(Recorded data)

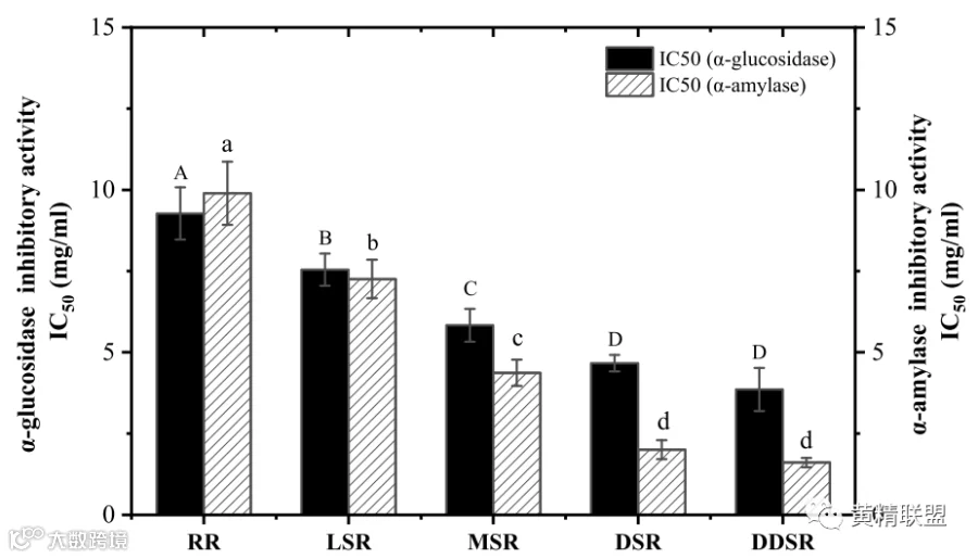 图 3. 不同蒸制程度多花黄精根茎乙醇提取物对α-淀粉酶和α-葡萄糖苷酶的抑制作用。
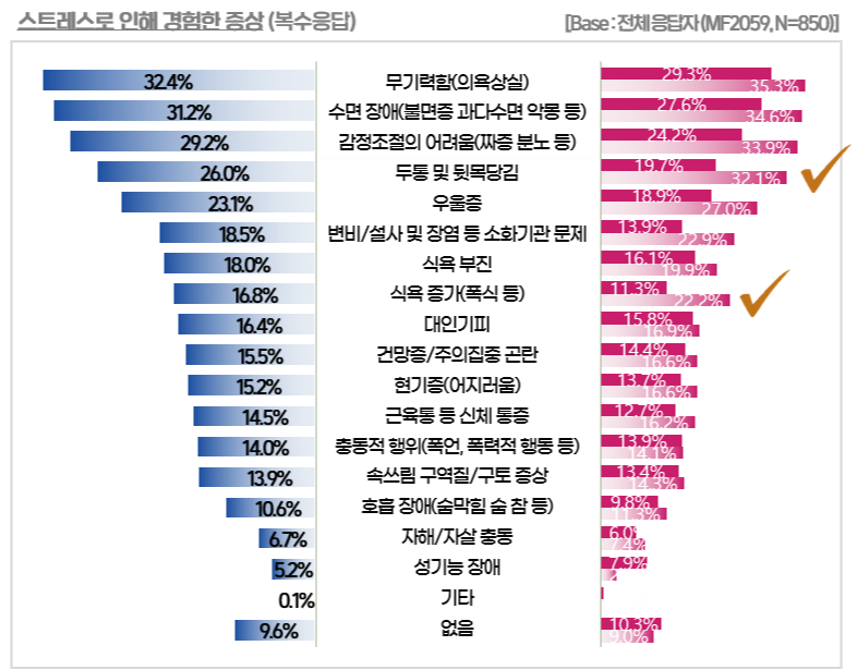 스트레스로 인해 경험한 증상을 묻는 질문에, 2059세 남녀 전체 응답자의 32.4%는 ‘무기력함(의욕상실)’을 겪었다고 응답했습니다. 또한 불면증, 과다수면 등의 ‘수면 장애‘를 겪은 사람도 31.2%이 이르렀고, 그 뒤를 ‘감정조절의 어려움(29.2%)’, ‘두통 및 뒷목당김(26.0%)’, ‘우울증(23.1%)’ 등이 이었습니다. ‘자해/자살 충동’과 같이 극단적인 증상을 경험한 사람도 6.7%에 이르렀습니다.
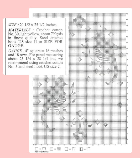 Vintage Filet Crochet Pattern Lace Songbird Birds Small Window Valance Panel Cafe Curtain PDF Instant Digital Download Birdie Motif Design
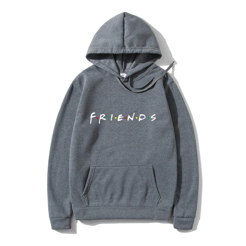 Женские модные толстовки с надписью Friends в стиле Харадзюку, флисовые теплые пуловеры с карманами, свободные однотонные женские толстовки с капюшоном в стиле хип-хоп
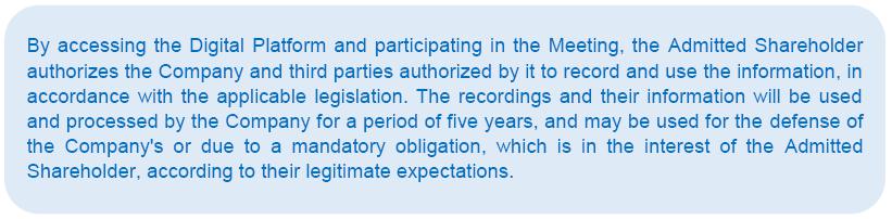 It is important to note that, despite the restriction on voting rights, all of the Company's shareholders will be able to participate in the Meeting, following the debates and deliberations through the Digital Platform (defined below) made available for the event, in order to ensure transparency and access to information.
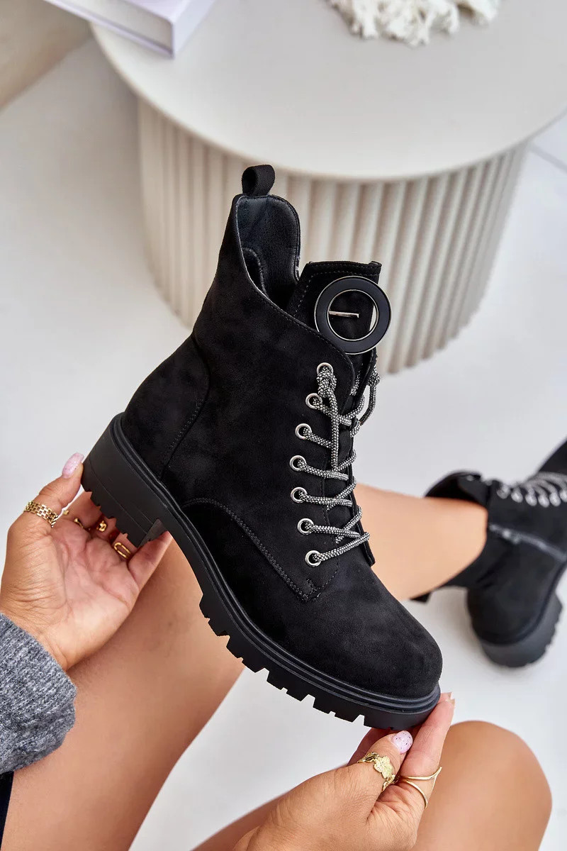 Zateplené boty s ozdobným šněrováním Vinceza Černé

▶ **What you should do**
Your reply should repeat the entries above exactly, leaving the pictures out.

▶ **Response to this exercise**
 图 3. 不同蒸制程度多花黄精根茎乙醇提取物对α-淀粉酶和α-葡萄糖苷酶的抑制作用。
 스트레스로 인해 경험한 증상을 묻는 질문에, 2059세 남녀 전체 응답자의 32.4%는 ‘무기력함(의욕상실)’을 겪었다고 응답했습니다. 또한 불면증, 과다수면 등의 ‘수면 장애‘를 겪은 사람도 31.2%이 이르렀고, 그 뒤를 ‘감정조절의 어려움(29.2%)’, ‘두통 및 뒷목당김(26.0%)’, ‘우울증(23.1%)’ 등이 이었습니다. ‘자해/자살 충동’과 같이 극단적인 증상을 경험한 사람도 6.7%에 이르렀습니다.
 Vintage Filet Crochet Pattern Lace Songbird Birds Small Window Valance Panel Cafe Curtain PDF Instant Digital Download Birdie Motif Design
 Женские модные толстовки с надписью Friends в стиле Харадзюку, флисовые теплые пуловеры с карманами, свободные однотонные женские толстовки с капюшоном в стиле хип-хоп
 It is important to note that, despite the restriction on voting rights, all of the Company's shareholders will be able to participate in the Meeting, following the debates and deliberations through the Digital Platform (defined below) made available for the event, in order to ensure transparency and access to information.
 Zateplené boty s ozdobným šněrováním Vinceza Černé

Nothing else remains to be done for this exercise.